Sensex drops 800 points, ₹ 4 lakh crore wiped out. Why did the markets crash today?


Investors lost more than 4 crore lakh today as the Indian markets fell sharply. The increase in coronavirus cases at home and abroad affected investor confidence. The broader NSE Nifty 50 Index fell roughly 2.5% to 11,222, while the benchmark S&P BSE Sensex Index sank more than 800 points to 38,034. Global markets fell as some European countries such as Denmark, Greece and Spain imposed restrictions on activity due to the increase in COVID-19 cases, which threatened to halt the recovery.

The Nifty banking index, which tracks both state lenders and the private sector, fell for the third straight session to end 3.3% lower. Among Sensex stocks, IndusInd Bank was the biggest loser, plummeting more than 8%, while Maruti, M&M, ICICI Bank, Tata Steel and Bharti Airtel fell between 5% and 6%.

Analysts say global market sentiment took a hit as the resurgence of coronavirus infections in Europe dampened hopes for a rapid global economic recovery. The fading hopes of US fiscal stimulus hopes also weighed. Hong Kong-listed shares of Standard Chartered and HSBC fell today, following reports that they allegedly moved large sums of suspicious funds.

Here are some of the key triggers for today’s steep decline, according to analysts:

1) “Benchmark Indian equities ended the first day of the week with deep cuts, in line with soft global sentiments. Nifty fell almost one way after 12:15 pm after European markets open with deep cuts, “said Deepak Jasani. Head of Retail Research, HDFC Securities.

“Traders were quick to undo their long positions fearing further weakness. Volumes on the NSE were above the recent average.”

2) “Markets have broken support at 11300 on a closing basis and this is definitely an alarming situation. We could fall to levels at 10950-11000 as today’s drop has been fierce and supported by good volumes. Resistance at The upside is at 11550-11600. Until then, the markets look weak, “said Manish Hathiramani, technical analyst and property index trader at Deen Dayal Investments.

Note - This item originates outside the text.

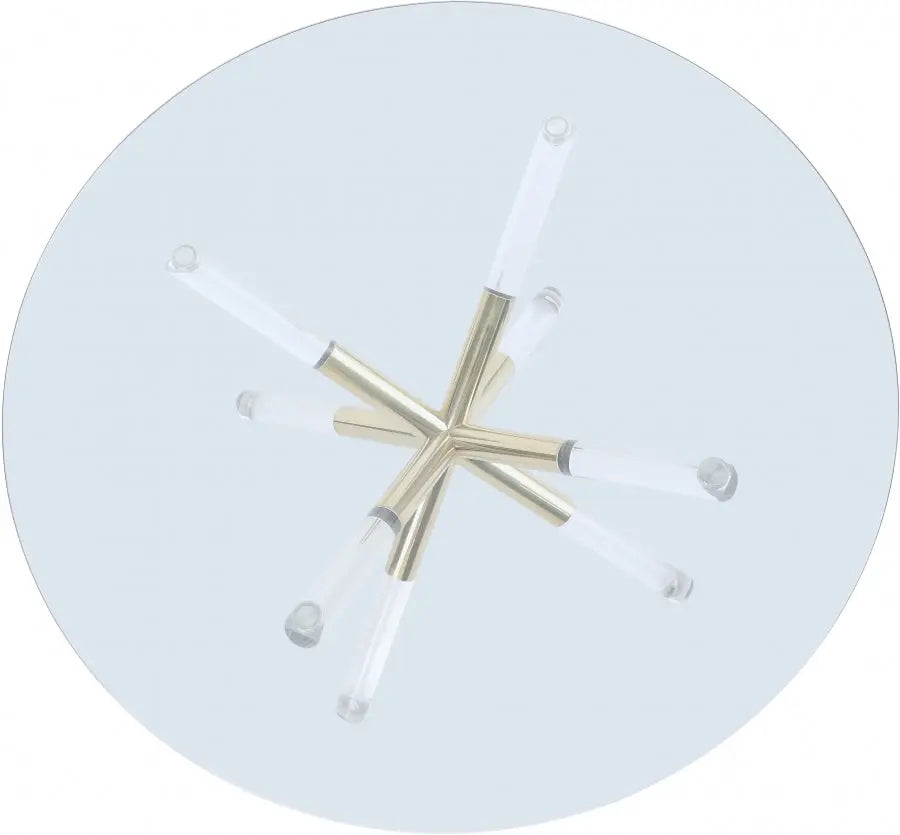 Bring modern pizzazz to your living room with this Mercury Acrylic Gold Coffee Table by Meridian Furniture. The base features a pedestal design with acrylic gold legs for a touch of contemporary fun. The tempered glass top offers plenty of room for holding items like framed pictures or magazines. The top is clear, so you can easily see the beauty of the metallic legs showing through, giving your living room or den a little something extra.

3) “We believe that the growing COVID-19 cases combined with the correction in the US markets spooked investors and could deteriorate further if Nifty falls below 11,200. The next major support would approach the zone of 10,800. As we are in the expiration week, traders need to be more cautious and we suggest preferring hedged positions. Investors, on the other hand, should seize this drop as an opportunity and gradually accumulate quality stocks, “said Ajit Mishra, Vice President of Research at Religare Broking.

4) “India’s benchmark indices succumbed to earnings reserve in the second half of the trading day and closed down more than 2%. It was in sync with global signals turning negative following a rise in stocks. infections in several countries, including Europe. Additional restrictions were being considered in Europe following a surge in infections. With high valuations and concerns that earnings do not justify such valuations in the short term, markets may trade uncertainly for the moment. Be cautious, “said Vinod Nair, director of research for Geojit Financial Services.